> **TASK REQUIREMENTS**
Exclude pictures and give again exactly the lines of the listing, beginning with its first line and ending with the one that contains "Extra character: +".

━━━ RECORDED DATA

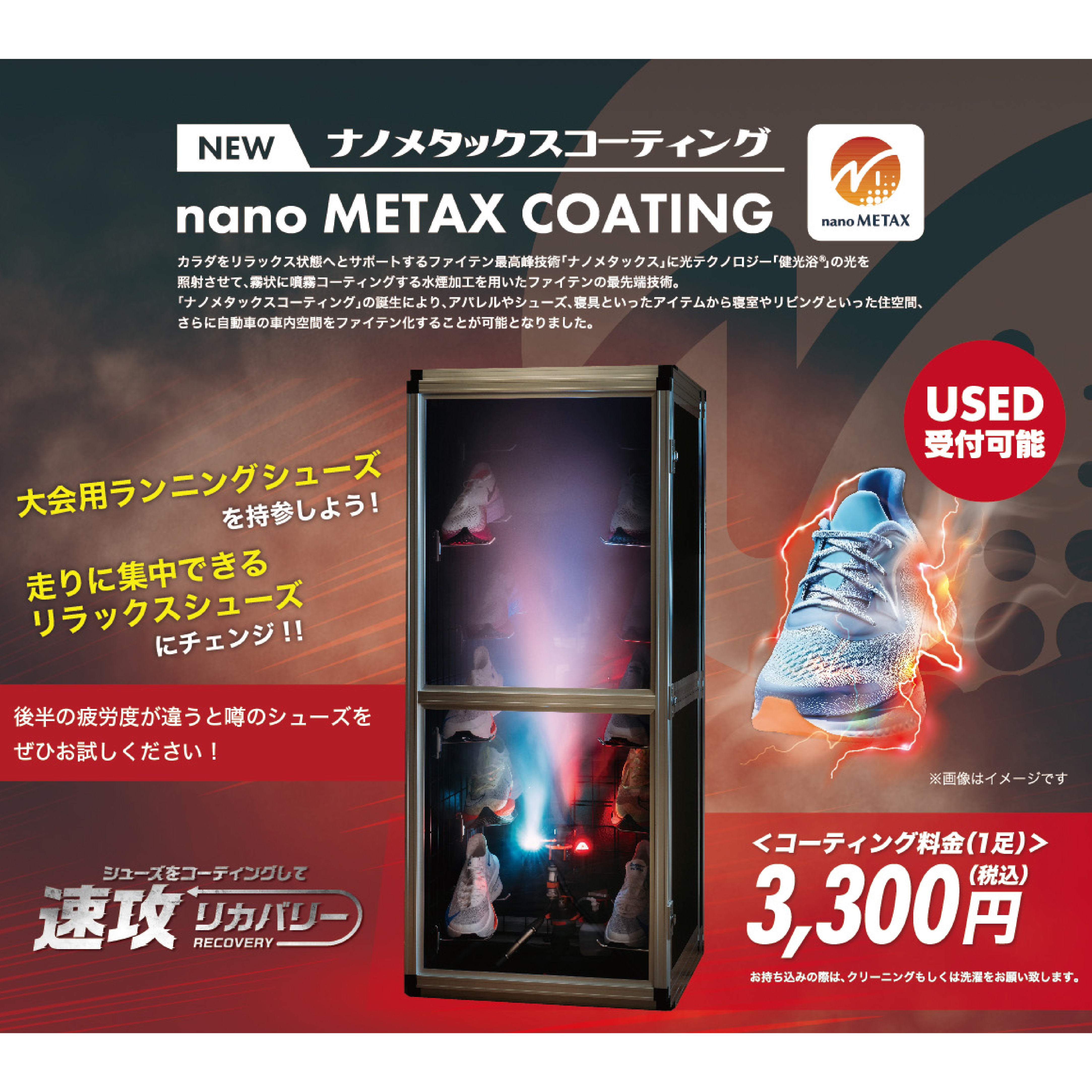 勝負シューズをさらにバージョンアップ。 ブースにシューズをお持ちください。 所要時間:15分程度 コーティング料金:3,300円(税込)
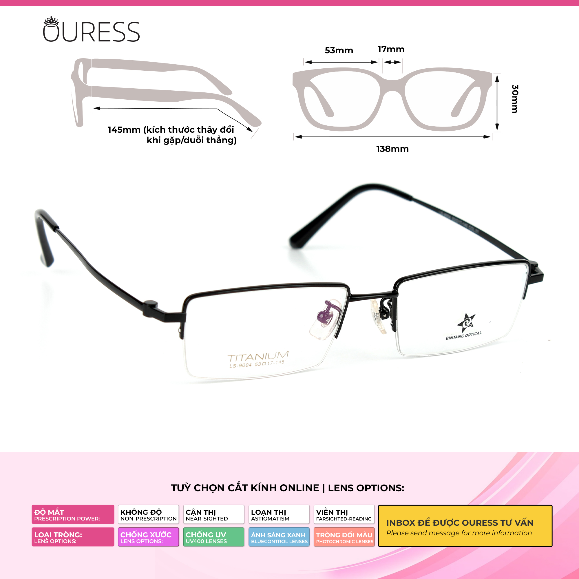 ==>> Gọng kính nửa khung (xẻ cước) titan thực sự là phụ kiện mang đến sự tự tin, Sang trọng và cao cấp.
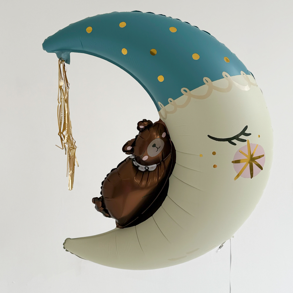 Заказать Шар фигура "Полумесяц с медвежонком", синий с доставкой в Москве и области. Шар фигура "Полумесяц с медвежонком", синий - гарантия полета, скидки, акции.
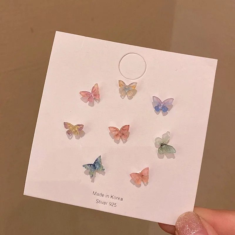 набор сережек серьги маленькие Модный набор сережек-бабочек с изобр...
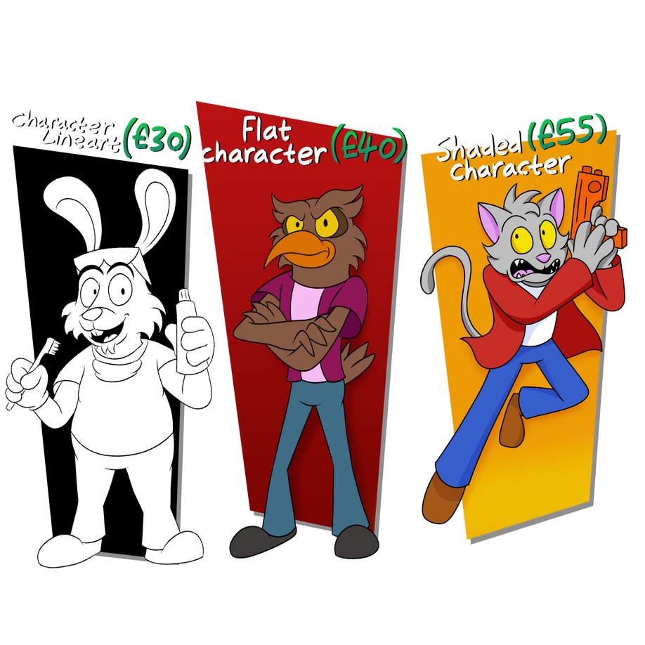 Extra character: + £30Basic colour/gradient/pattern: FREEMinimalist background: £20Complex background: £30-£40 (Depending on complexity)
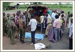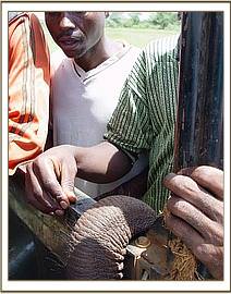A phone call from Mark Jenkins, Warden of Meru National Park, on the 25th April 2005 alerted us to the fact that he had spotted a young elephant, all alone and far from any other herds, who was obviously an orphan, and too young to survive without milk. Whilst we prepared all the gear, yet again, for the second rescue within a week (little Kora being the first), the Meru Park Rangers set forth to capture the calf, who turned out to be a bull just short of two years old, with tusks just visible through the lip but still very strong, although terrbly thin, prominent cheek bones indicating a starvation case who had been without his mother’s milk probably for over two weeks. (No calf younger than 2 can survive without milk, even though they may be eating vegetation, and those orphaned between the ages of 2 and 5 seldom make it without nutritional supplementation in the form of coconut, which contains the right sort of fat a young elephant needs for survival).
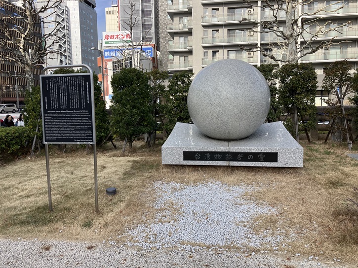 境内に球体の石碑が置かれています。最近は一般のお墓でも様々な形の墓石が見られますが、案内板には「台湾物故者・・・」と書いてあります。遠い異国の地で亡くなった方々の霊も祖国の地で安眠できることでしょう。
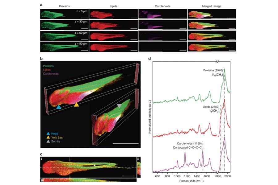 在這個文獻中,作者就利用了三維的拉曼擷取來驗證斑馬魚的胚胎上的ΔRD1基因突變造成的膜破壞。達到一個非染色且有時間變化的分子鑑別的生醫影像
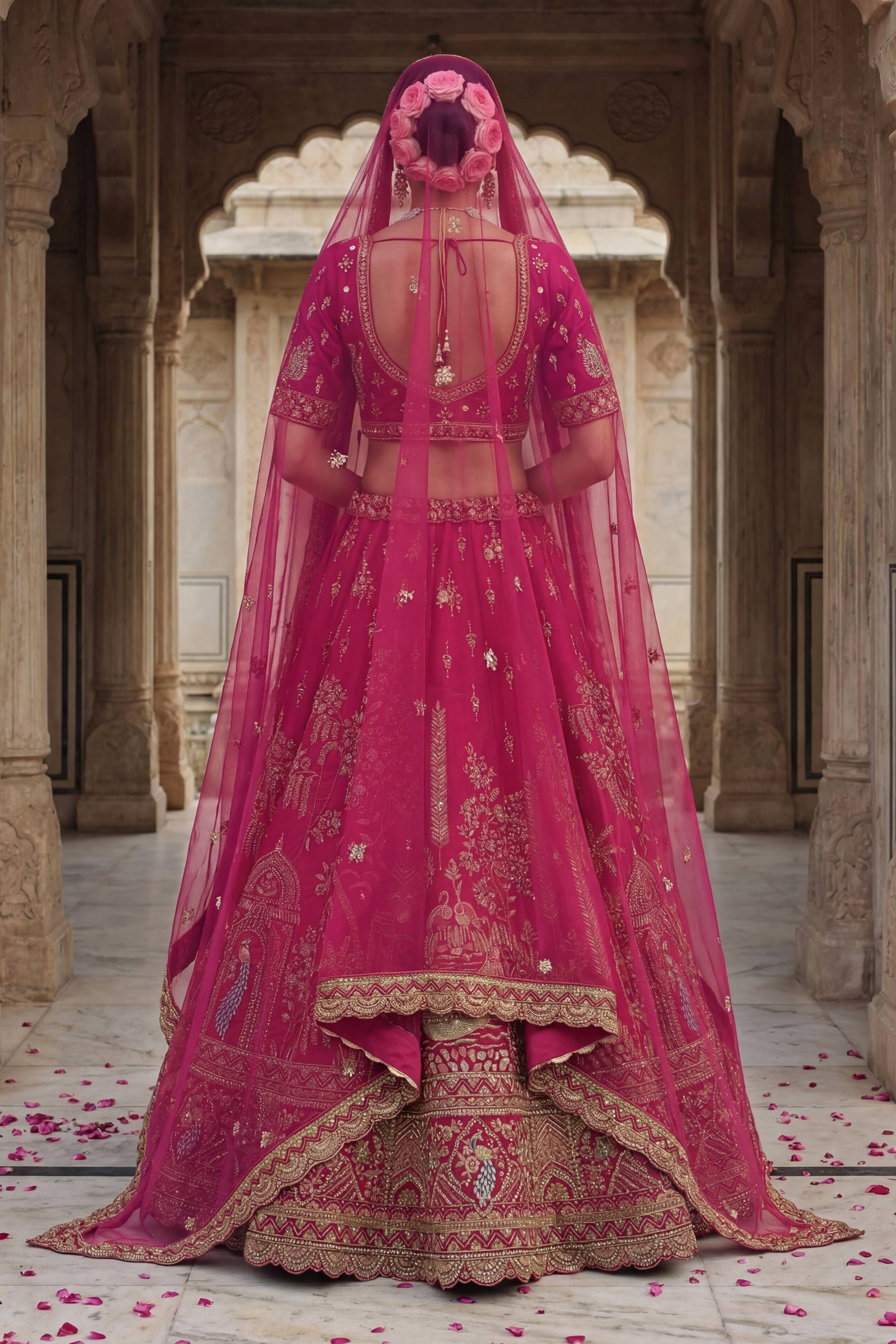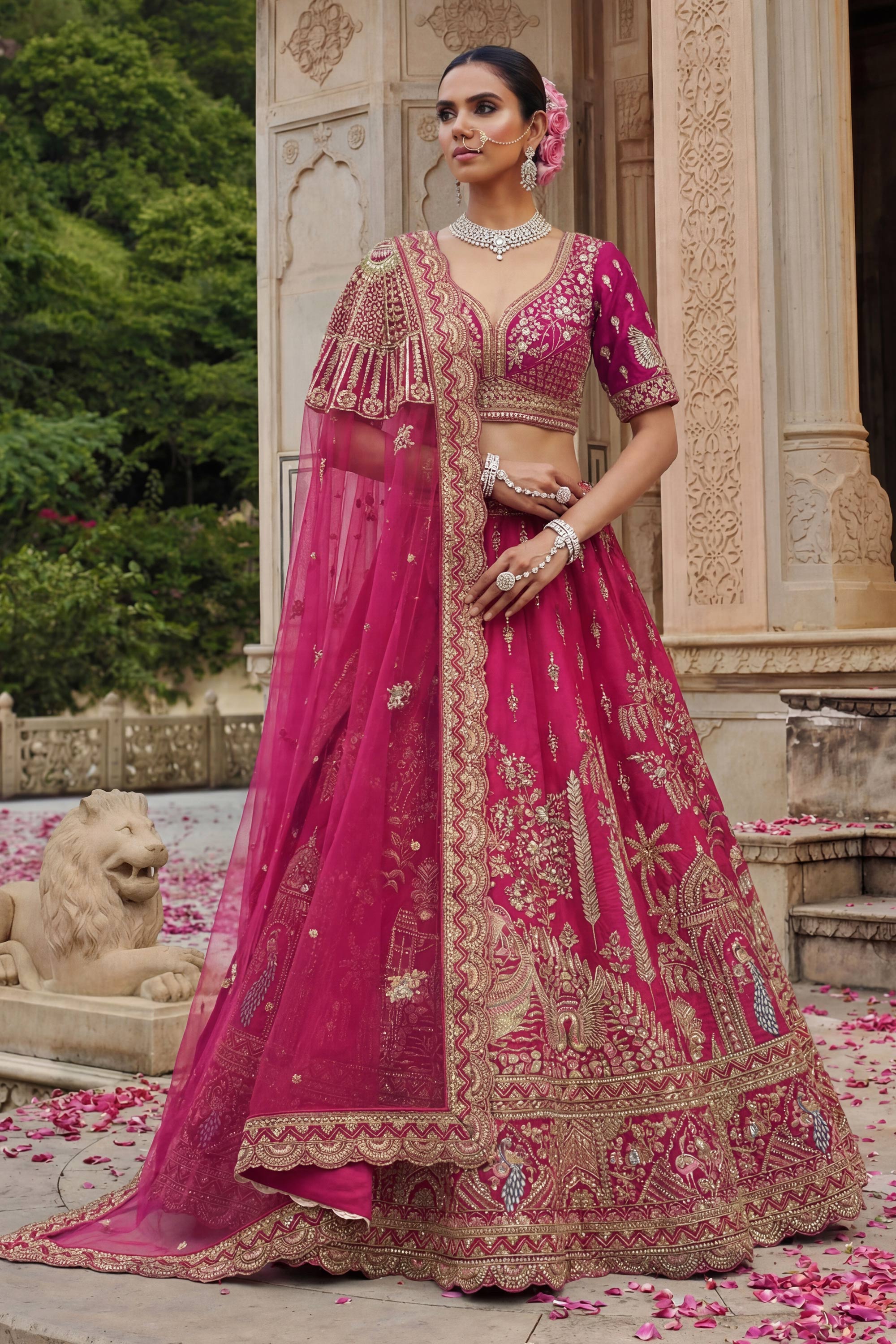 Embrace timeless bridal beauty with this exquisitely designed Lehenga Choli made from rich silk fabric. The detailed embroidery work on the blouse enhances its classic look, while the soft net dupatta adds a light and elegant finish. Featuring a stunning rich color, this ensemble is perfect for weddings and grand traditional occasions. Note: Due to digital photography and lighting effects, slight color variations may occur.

━━━━━━

> **EXERCISE ANSWER**
 勝負シューズをさらにバージョンアップ。 ブースにシューズをお持ちください。 所要時間:15分程度 コーティング料金:3,300円(税込)
 ==>> Gọng kính nửa khung (xẻ cước) titan thực sự là phụ kiện mang đến sự tự tin, Sang trọng và cao cấp.
 Заказать Шар фигура "Полумесяц с медвежонком", синий с доставкой в Москве и области. Шар фигура "Полумесяц с медвежонком", синий - гарантия полета, скидки, акции.
 набор сережек серьги маленькие Модный набор сережек-бабочек с изобр...
 Extra character: + £30Basic colour/gradient/pattern: FREEMinimalist background: £20Complex background: £30-£40 (Depending on complexity)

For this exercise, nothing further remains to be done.